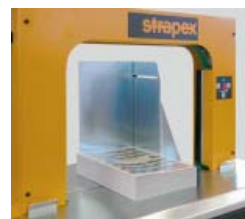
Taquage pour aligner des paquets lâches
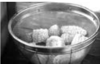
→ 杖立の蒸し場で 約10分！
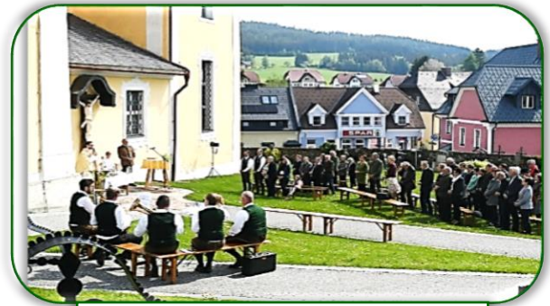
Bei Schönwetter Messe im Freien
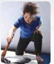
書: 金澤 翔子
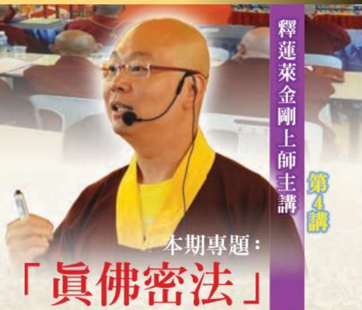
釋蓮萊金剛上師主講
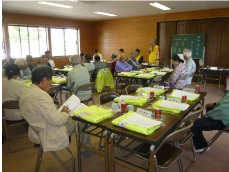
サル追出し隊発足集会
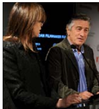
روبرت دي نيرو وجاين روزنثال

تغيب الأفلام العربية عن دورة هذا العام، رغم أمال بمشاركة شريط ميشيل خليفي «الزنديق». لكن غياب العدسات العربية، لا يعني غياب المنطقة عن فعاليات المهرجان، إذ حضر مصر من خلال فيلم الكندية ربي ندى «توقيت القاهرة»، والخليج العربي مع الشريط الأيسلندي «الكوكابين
######
TASK TO COMPLETE: Each record should be written out again exactly, though without its pictures.

SOLUTION FOR THIS TASK:
Taquage pour aligner des paquets lâches
→ 杖立の蒸し場で 約10分！
Bei Schönwetter Messe im Freien
書: 金澤 翔子
釋蓮萊金剛上師主講
サル追出し隊発足集会
روبرت دي نيرو وجاين روزنثال

تغيب الأفلام العربية عن دورة هذا العام، رغم أمال بمشاركة شريط ميشيل خليفي «الزنديق». لكن غياب العدسات العربية، لا يعني غياب المنطقة عن فعاليات المهرجان، إذ حضر مصر من خلال فيلم الكندية ربي ندى «توقيت القاهرة»، والخليج العربي مع الشريط الأيسلندي «الكوكابين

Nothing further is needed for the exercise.